## Task input
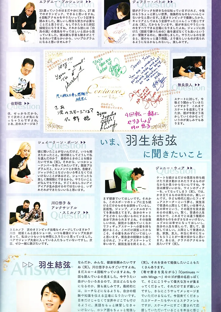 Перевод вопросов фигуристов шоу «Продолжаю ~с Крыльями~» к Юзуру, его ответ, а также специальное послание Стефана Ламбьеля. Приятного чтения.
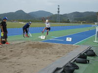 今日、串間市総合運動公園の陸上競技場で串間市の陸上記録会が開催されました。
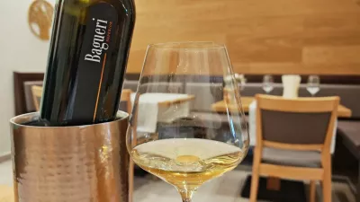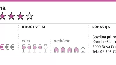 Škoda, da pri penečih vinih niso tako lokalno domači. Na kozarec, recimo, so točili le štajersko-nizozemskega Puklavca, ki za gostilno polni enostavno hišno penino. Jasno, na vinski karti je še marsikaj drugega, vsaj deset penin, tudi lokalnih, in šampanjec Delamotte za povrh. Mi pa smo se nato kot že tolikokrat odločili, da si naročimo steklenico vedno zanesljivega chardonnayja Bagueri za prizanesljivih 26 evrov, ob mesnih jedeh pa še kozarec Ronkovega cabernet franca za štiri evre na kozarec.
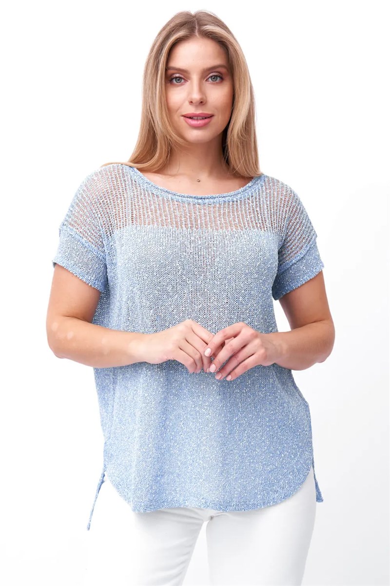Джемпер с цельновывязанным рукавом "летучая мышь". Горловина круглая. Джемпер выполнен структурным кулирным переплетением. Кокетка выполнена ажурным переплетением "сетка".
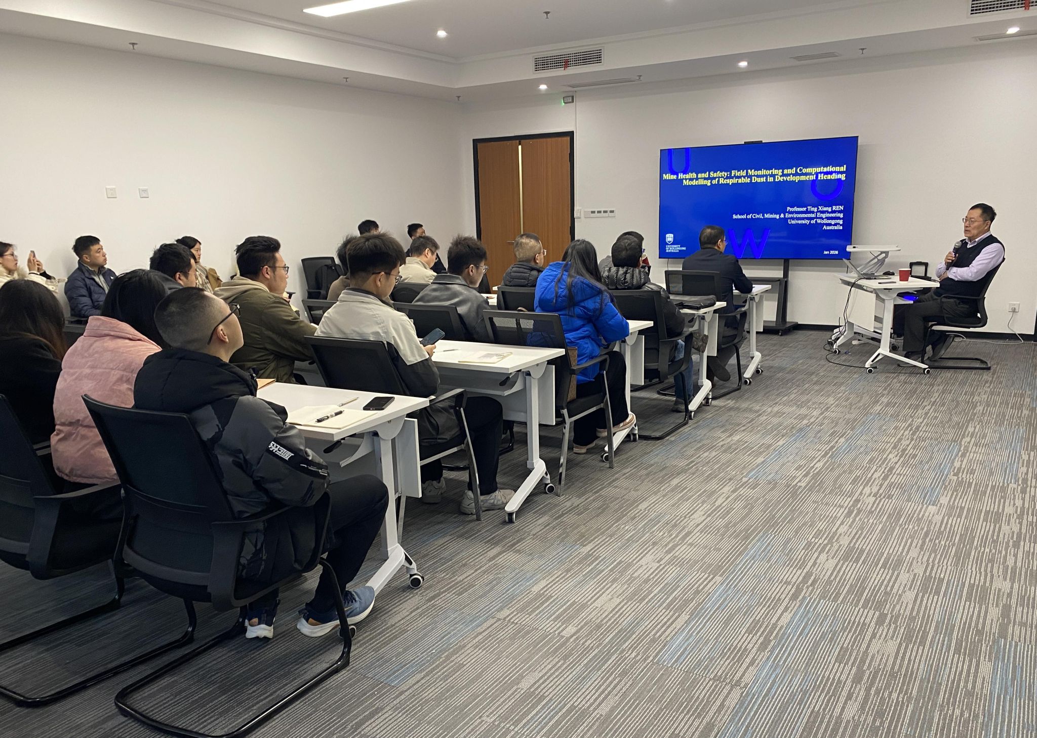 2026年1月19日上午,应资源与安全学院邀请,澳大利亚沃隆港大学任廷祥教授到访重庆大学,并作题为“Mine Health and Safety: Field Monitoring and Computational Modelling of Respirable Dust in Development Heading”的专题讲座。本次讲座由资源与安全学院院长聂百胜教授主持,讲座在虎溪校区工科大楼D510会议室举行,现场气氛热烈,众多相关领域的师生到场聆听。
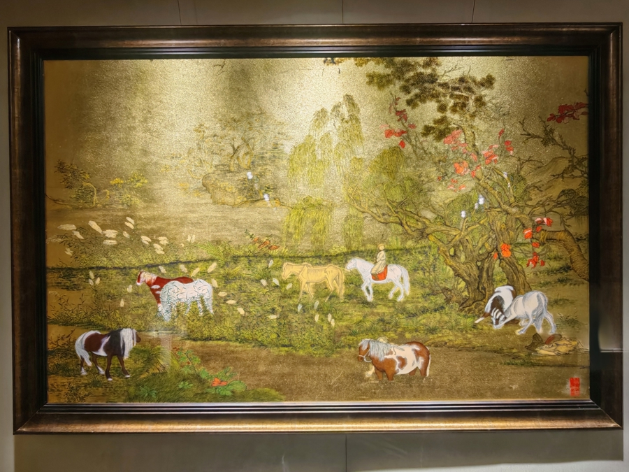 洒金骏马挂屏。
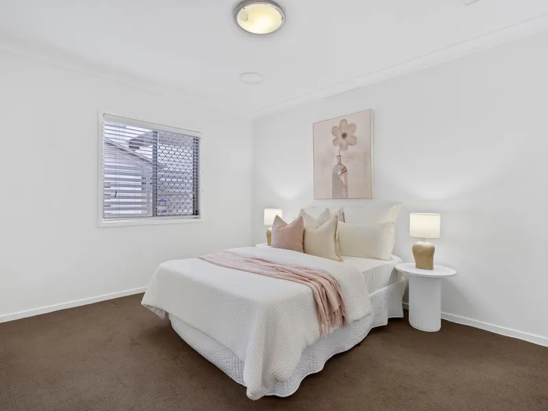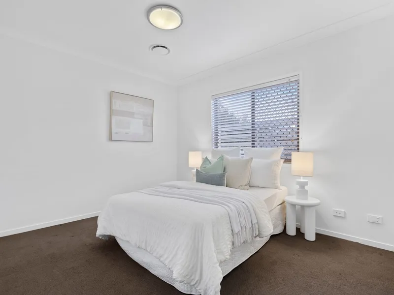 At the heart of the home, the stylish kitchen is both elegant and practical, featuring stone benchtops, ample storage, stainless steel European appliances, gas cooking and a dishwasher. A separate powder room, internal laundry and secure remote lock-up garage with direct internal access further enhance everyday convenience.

## What to produce
Restate the material word for word from its first line through the line containing "今日、串間市総合運動公園の陸上競技場で串間市の陸上記録会が開催されました。", both included; the pictures do not belong in it.

## Answer to this task
 Перевод вопросов фигуристов шоу «Продолжаю ~с Крыльями~» к Юзуру, его ответ, а также специальное послание Стефана Ламбьеля. Приятного чтения.
 今日、串間市総合運動公園の陸上競技場で串間市の陸上記録会が開催されました。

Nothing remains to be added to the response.